JPH04291924A - Manufacture of semiconductor device - Google Patents

Abstract

PURPOSE:To prevent an electrode layer on the upper side from being overlapped with a stepped part at its lowr part, and a protruding part from being produced in the longitudinal direction and to improve the coverage of an interconnection by a method wherein, when an upper electrode layer and a lower electrode layer which sandwich an insulating film is aligned with each other in the transverse direction, the portion of the film thickness of at least the insulating film is added to an alignment margin. CONSTITUTION:A semiconductor device provided with a multilayer interconnection structure in which a plurality of electrode layers 2 to 5 and insulating films 6 to 10 have been arranged alternately is manufactured. At this time, the upper and lower electrode layers 3, 4 sandwiching the insulating film 7 are aligned with each other in the transverse direction. At this time, they are aligned by adding the portion of the film thickness (d) of at least the insulating film 7 to an alignment margin between the upper and lower electrodes. For example, at the multilayer interconnection structure of an SRAM, an insulating film 7 is formed of SiO2 on a second-layer polysilicon layer 3 in a film thickness of 100nm by a CVD method. At this time, when the alignment margin of a stepper is at 0.2mum, the alignment of a third-layer polysilicon layer 4 is performed at a margin alpha of 0.1+0.2=0.3mum.

Description

[Detailed description of the invention]

0001

BACKGROUND OF THE INVENTION 1. Field of the Invention The present invention relates to a method of manufacturing a semiconductor device. Specifically, the present invention relates to a method of positioning between electrode layers in a wiring process of a semiconductor device having a multilayer wiring structure in which an interlayer insulating film and an electrode layer have a multilayer structure.

0002

2. Description of the Related Art Multilayer wiring process technology is an effective technology for creating multiple layers of wiring in an integrated circuit, providing flexibility in connection between elements formed on a substrate, and increasing density. However, since many layers are laminated, the surface of the layer becomes uneven, and the problem of poor step coverage at the step of the metal wiring is likely to occur.

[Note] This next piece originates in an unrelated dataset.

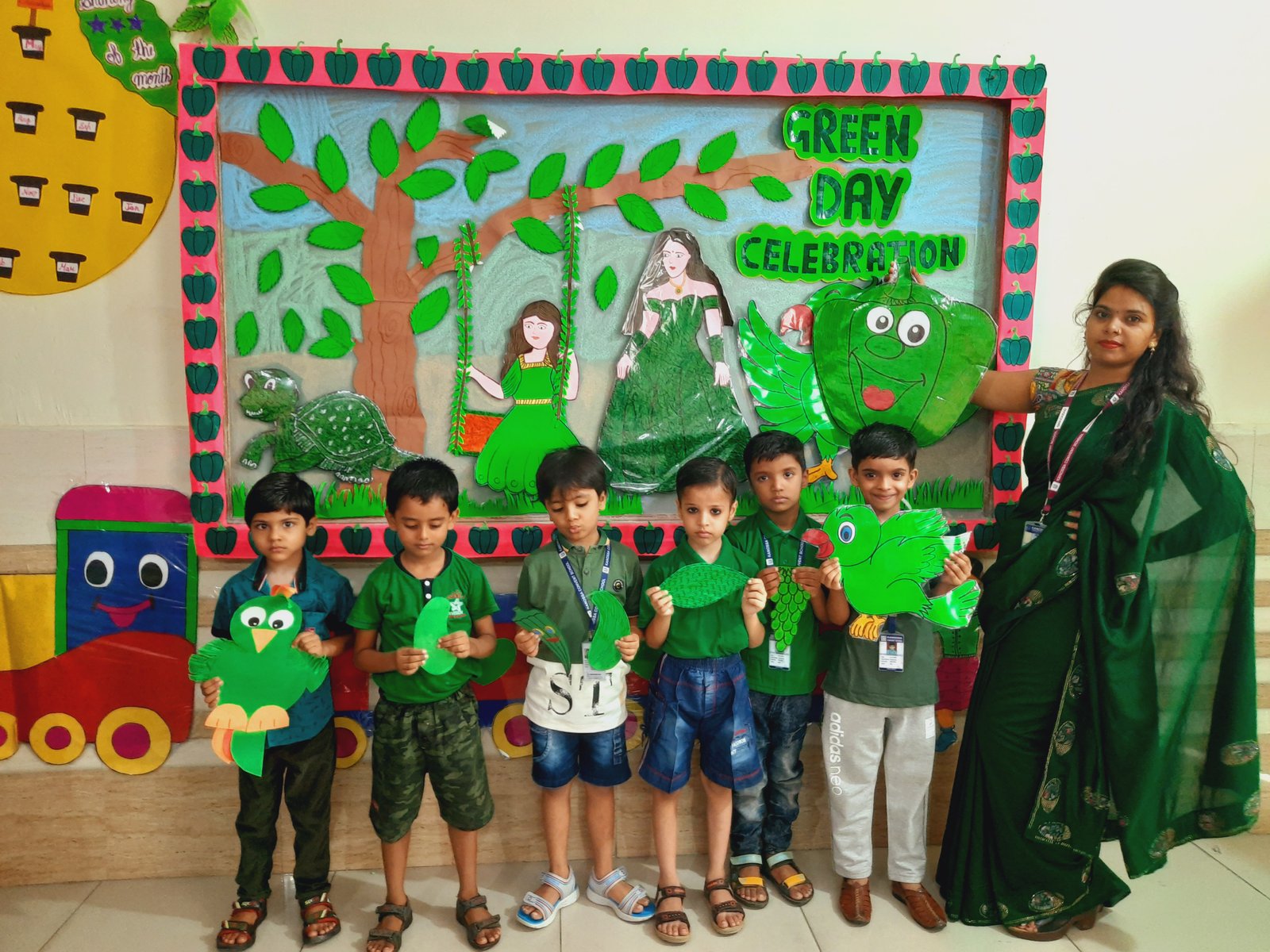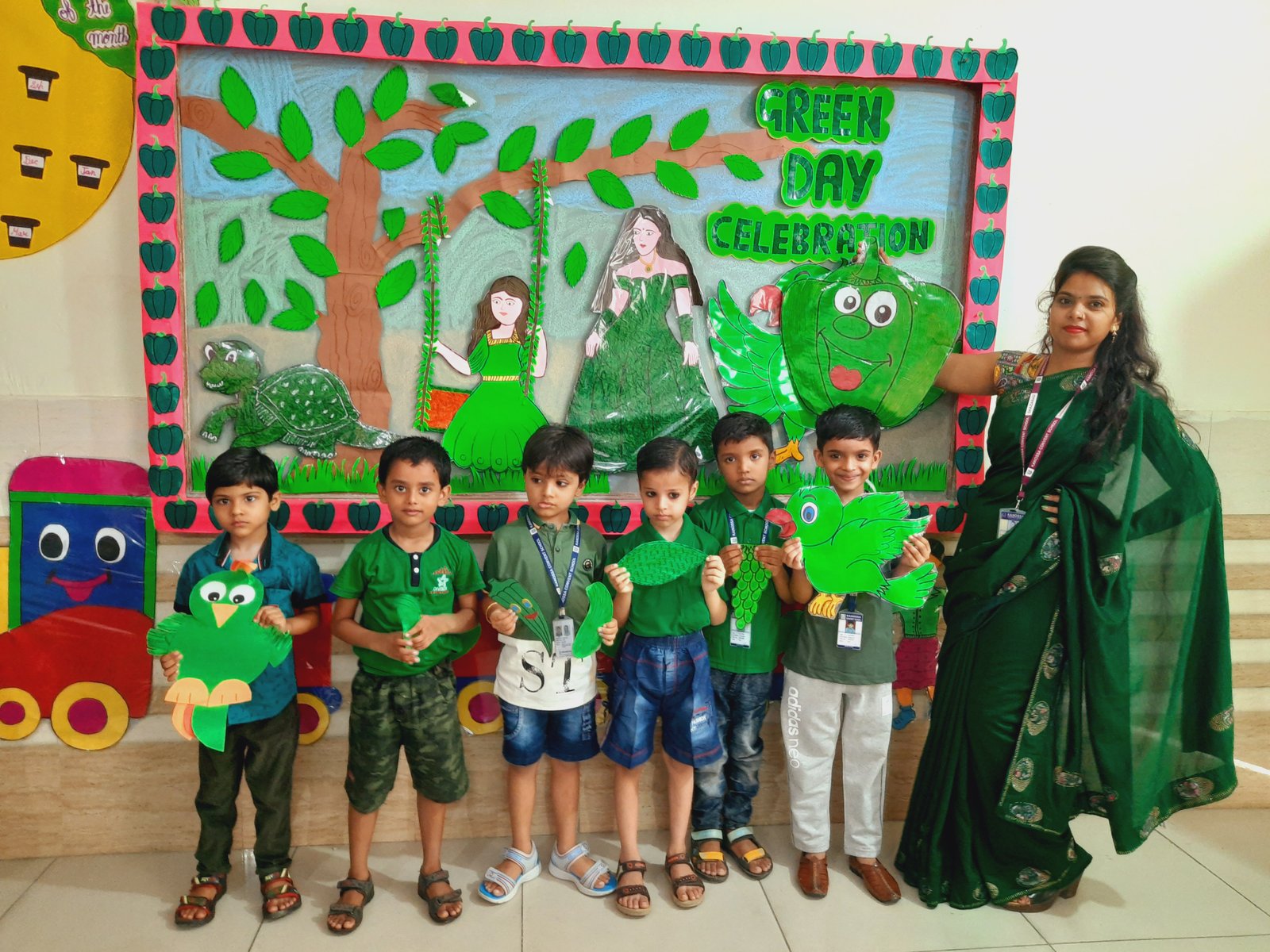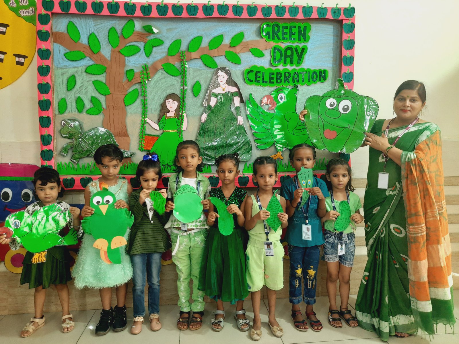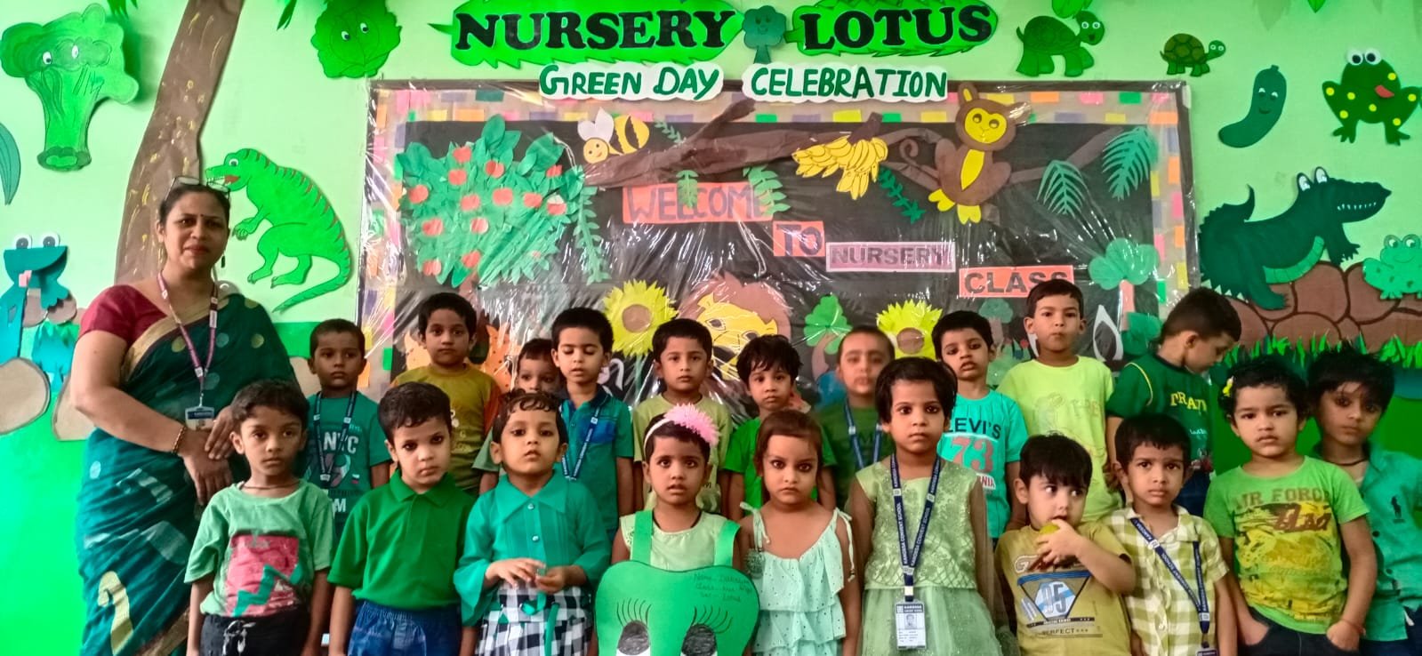 All the students and teachers came dressed up in the different shades of green and the classes became vibrant with the beautiful green backgrounds.These activities helped children to develop fine motor coordination, focus, encourage self-expression and stimulate creativity. Children participated well and learnt green colour with keen interest.

[0003] An explanation will be given below, taking SRAM (static random access memory) as an example.

FIG. 2 is a circuit diagram of a unit memory cell of an SRAM. This SRAM has four transistors T1, T
2, T3, T4 and two high resistances R1, R2. Transistors T3 and T4 each have a load resistance R
1 and R2 in series, and are cross-wired. Each interconnection point is connected to the bit line BL via transistors T1 and T2, which act as transfer gates.
a and BLb. Note that in this specification, the bit lines BLa and BLb correspond to what is normally called the bit lines BL and BL bar. Further, the gates of these transistors T1 and T2 are connected to the word line WL.

Considering the transistor T2, one current terminal region (source S) is connected to the bit line BLb, and the other current terminal region (drain D) is connected to the resistor R2, the gate of the transistor T3, and the transistor T2. T4
connected to the drain of

FIG. 3 shows an example of a cross-sectional structure of one transfer gate transistor T2 of an SRAM manufactured using a conventional multilayer interconnection process.

The multilayer wiring structure of this SRAM consists of a first polysilicon layer 2, a second polysilicon layer 3, and a third polysilicon layer forming polycide wiring and polycide gates on a p-type Si substrate 1. Each electrode layer of the second polysilicon layer 4 and the fourth polysilicon layer 5, and insulating films 6, 7, made of SiO2 alternately formed between these polysilicon layers.
8, an insulating film 9 thereon, and Si doped with boron and phosphorus.
It has a laminated structure with a BPSG layer 10 made of O2. Note that the polysilicon of the electrode layer is doped with impurities and becomes conductive. However, the fourth polysilicon layer is selectively doped with a small amount of impurities and has a high resistivity region. On the p-type substrate 1, there are n+-type semiconductor regions 11,1 which become the drain region and source region of the MOS transistor T2.
2 is formed. Note that portions A and B respectively surrounded by broken lines in FIG. 3 correspond to the connection portions of the source and drain of the transistor T2 in the circuit diagram of FIG.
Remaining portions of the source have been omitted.